Example exObject(theInt); // Compile time error.
Example exObject = theInt; // Compile time error.
Example exObject(Example(theInt)); // Okay!
Example exObject = Example(theInt); // Okay!
Also note that in case of implicit constructor call and hence implicit conversion the assigned value is an rvalue i.e. an un-named object implicitly created using an lvalue (theInt) which tells us that in case of implicit conversion the compiler converts
Example exObject = theInt;
to
Example exObject = Example(theInt);
So (in C++11) don't expect the lvalue constructor to be called seeing that you are using an lvalue i.e. a named value theInt for assignment. What gets called is the rvalue constructor since the assigned value is actually the un-named object created using the lvalue. However, this applies if you have both lvalue and rvalue versions of the constructor.

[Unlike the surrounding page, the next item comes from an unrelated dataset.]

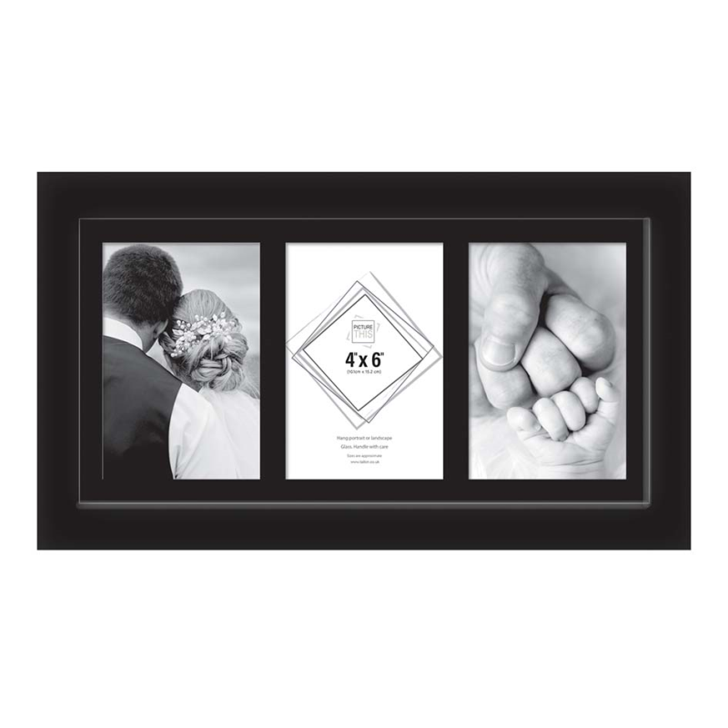 The Black 3 Aperture Photo Frame – 4″ x 6″ is a sleek and modern multi-photo frame designed to display three of your favourite pictures in one elegant layout. Its clean black finish suits contemporary, minimalist, modern and classic décor, making it ideal for showcasing memories, family photos or themed collections.

At statement 2 operator unsigned int() is called. Simply consider it as a normal function call with a weird name and the fact that it can get called automagically when an implicit conversion happens. The value returned by that function is the value assigned in the expression. And since in you implementation the value returned is an int it correctly gets assigned to int theInt1.
To be precise operator unsigned int() overloads () operator which is the cast operator. In your case it's overloaded for int hence whenever an object of Example class is assigned to an int the implicit type casting from Example to int takes place and hence operator unsigned int() gets called. Therefore,
int theInt1 = ctr;
is equivalent to
int theInt1 = (int)ctr;
Example exObject = theInt; // implicitly created copy constructor takes place
// object implicitly created from int and then copied
// it is like
Example exObject = Example(theInt);
// so it uses sequence
// Example(int) -> Example(const Example&)

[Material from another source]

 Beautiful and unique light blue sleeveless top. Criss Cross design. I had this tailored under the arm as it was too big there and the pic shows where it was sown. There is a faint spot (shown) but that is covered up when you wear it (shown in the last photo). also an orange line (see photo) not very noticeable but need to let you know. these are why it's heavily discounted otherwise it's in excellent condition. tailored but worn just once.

int theInt1 = ctr; // operator int()
If you compiler supports copy constructor optimization and return value optimization you won't notice
Example(const Example&)
execution, but you can declare copy constructor to be private to understand what I am talking about.
Example exObject = theInt; // here
This uses implicit conversion of int to Example, effected by the non-explicit constructor which accepts an int.

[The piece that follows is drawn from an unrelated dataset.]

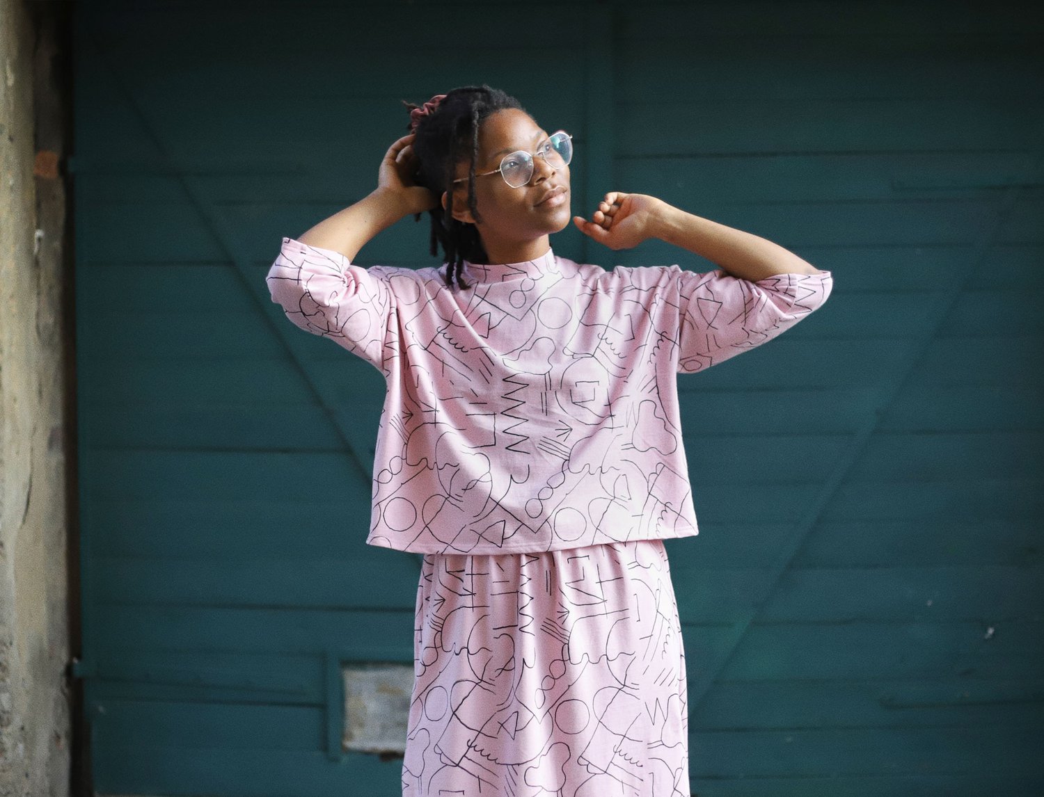 pink loose tshirt with line drawing print

This also requires the availability of copy constructor for Example, even though the compiler is allowed to omit copying the instance.
int theInt1 = ctr; // here
This uses implicit conversion of Example to unsigned int, provided by the cast operator.
Cast operators are normally avoided, since they tend to lead to confusing code, and you can mark single-argument constructors explicit, to disable implicit conversions to your class type. C++0x should add also the possibility to mark conversion operators explicit (so you'd need a static_cast to invoke them? - my compiler doesn't support them and all web resources seem to be concentrating on explicit conversion to bool).
Related
What is the "operator int" function below? What does it do?
class INT
{
int a;
public:
INT(int ix = 0)
{
a = ix;
}
/* Starting here: */
operator int()
{
return a;
}
/* End */
INT operator ++(int)
{
return a++;
}
};
The bolded code is a conversion operator. (AKA cast operator)
It gives you a way to convert from your custom INT type to another type (in this case, int) without having to call a special conversion function explicitly.
For example, with the convert operator, this code will compile:
INT i(1234);
int i_2 = i; // this will implicitly call INT::operator int()
Without the convert operator, the above code won't compile, and you would have to do something else to go from an INT to an int, such as:
INT i(1234);
int i_2 = i.a; // this wont compile because a is private
operator int() is a conversion operator, which allows this class to be used in place of an int. If an object of this type is used in a place where an int (or other numerical type) is expected, then this code will be used to get a value of the correct type.
For example:
int i(1);
INT I(2); // Initialised with constructor; I.a == 2
i = I; // I is converted to an int using `operator int()`, returning 2.
First things first:
$12.3.1/1 - "A constructor declared
without the function-specifier
explicit specifies a conversion from
the types of its parameters to the
type of its class. Such a constructor
is called a converting constructor."
In your example, INT is a User Defined class that has a converting constructor from 'int'.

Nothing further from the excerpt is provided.